Оно было живым, хоть и довольно грязным из-за многотысячного города, порта и реки. Но указывающая, любившая море, прощала ему столь незначительные для нее мелочи. Порой она выходила на ближайший пирс, далеко выдающийся вперед, встречая лицом свежий ветер, едкий от соли и необычайно теплый. Смотрела на огни маяков, стоило начаться вечеру, слушала крики мелких горластых чаек, поражалась опорам Крылатого моста. Высотой с башни Рионы, они остались единственным, что после Катаклизма уцелело от постройки. Мост, который раньше связывал Треттини и Алагорию, «летевший» над изменчивой и прекрасной соленой водной стихией, давно разрушен.
А еще Шерон изумлялась десяткам кораблей, стоявших на рейде, и еще большему их количеству у пирсов.
Она знала, что герцог Треттини строит новый флот, самый огромный в истории этой эпохи.
Но основной целью Шерон было, конечно, не море. Познавая Риону, ближайшие районы, сады, парки, площади и башни, она узнала и о рыбном рынке. Сюда девушка приходила уже не раз и не два.
Меркато ди Конкилье был уникальным местом. В прошлом он носил иное название, далекое от рынка Ракушек. До Родриго Первого его называли Меркато дели Скьви – рынок Невольников. Именно здесь до смены династии герцогов продавали рабов, отправляя их в южные герцогства. Теперь же, раз в сезон, четырежды в год, по традиции его светлости-наемника, прилавки Меркато ди Конкилье пустели, и место получало название Меркато Мерченарио – рынок Наемников.
Представители лучших наемных отрядов приезжали сюда со всего континента, чтобы найти новых клиентов или же пополнить свои роты отчаянными бойцами.
Но пока здесь торговали рыбой. И Шерон посещала торговые ряды, кои охранял древний символ Треттини – бронзовый кабан, и покупала все, что хотела.
Ее уже знали продавцы – белокожая северянка со странными светлыми глазами и в алом платке, повязанном на голову по рионской моде, с узлом на затылке. Она не боялась, что ее найдут, несмотря на привычное ворчание Лавиани. Здесь, в городе, да к тому же в припортовом районе, слишком много чужестранцев, и никто не показывал на них пальцем.
Шерон, выросшая на берегу моря Мертвецов, дочь рыбака и жена рыбака, любила выбирать дары водной стихии, ей нравился запах свежих морепродуктов, водорослей, гомон торговцев, холод льда, текущий с лотков.

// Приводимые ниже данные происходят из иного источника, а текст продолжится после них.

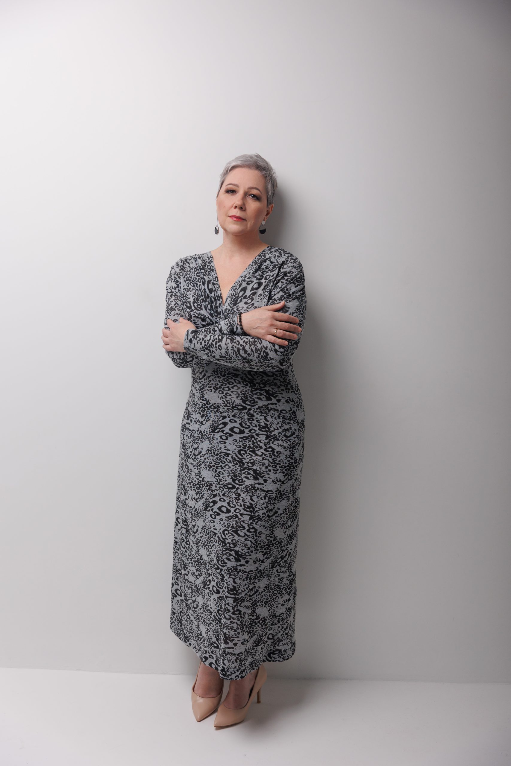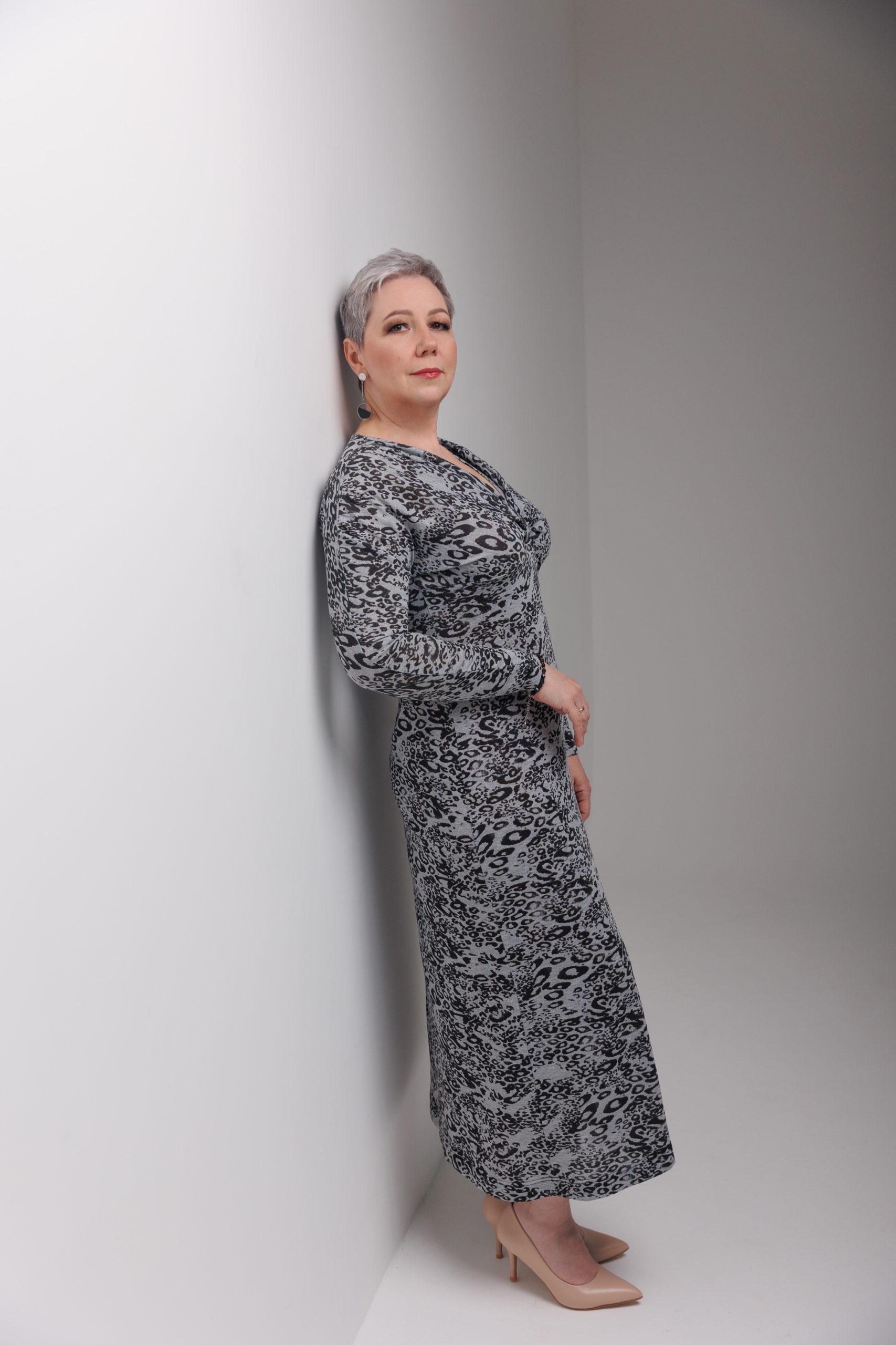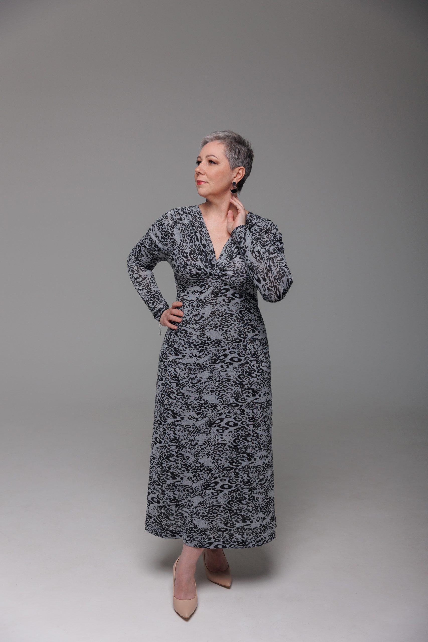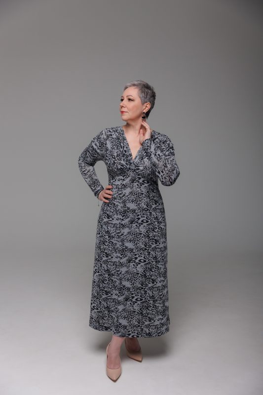 Платье малого объема с цельновыкроенными рукавами, приталенного силуэта. Полочка платья состоит из двух деталей: верхней части полочки и полочки. Вырез горловины глубокий, V-образный. На верхней части полочки, на уровне груди – декоративный перекрученный узел. Рукава – цельновыкроенные, длинные, малого объёма. По плечевым швам полочки и верхним швам рукавов в верхней части предусмотрена сборка. Горловина изделия обработана плоским швом. Длина платья до щиколотки.

Она умела их готовить, но ей давно не представлялось такой возможности. Не в походе, а дома, который Бланка предложила им всем считать своим. И вот теперь ей приятно забыть о том, кем она стала, и вспомнить, кем была когда-то. На далекой, ветреной, умываемой ледяными дождями улице Нимада. Когда стряпала на маленьком очаге для отца, потом Димитра и старой Ауши.
На севере указывающая привыкла к другой рыбе. Там вылавливали палтуса, зубатку, треску, сайду, семгу, лосося, люра, пикшу, камбалу, мольву, сельдь, морского шаутта и окуня. Привычные и обычные.
Здесь в первый раз у нее глаза разбежались. Рыбы ярких расцветок, с плавниками, иногда похожими на птичьи крылья. Огромные туши тунцов, угри и глубоководные твари, страшные на вид, но с нежным мясом. Десятки сортов ракушек, устриц, мидий и придонных улиток. Кальмары, каракатицы, осьминоги и существа, названий которых она не знала.
Шерон набирала в большую корзину всего понемногу, несла в дом или нанимала носильщика из рыночных мальчишек – и кормила друзей. Даже Лавиани не отказывалась, хотя и ворчала, что не чувствует вкуса.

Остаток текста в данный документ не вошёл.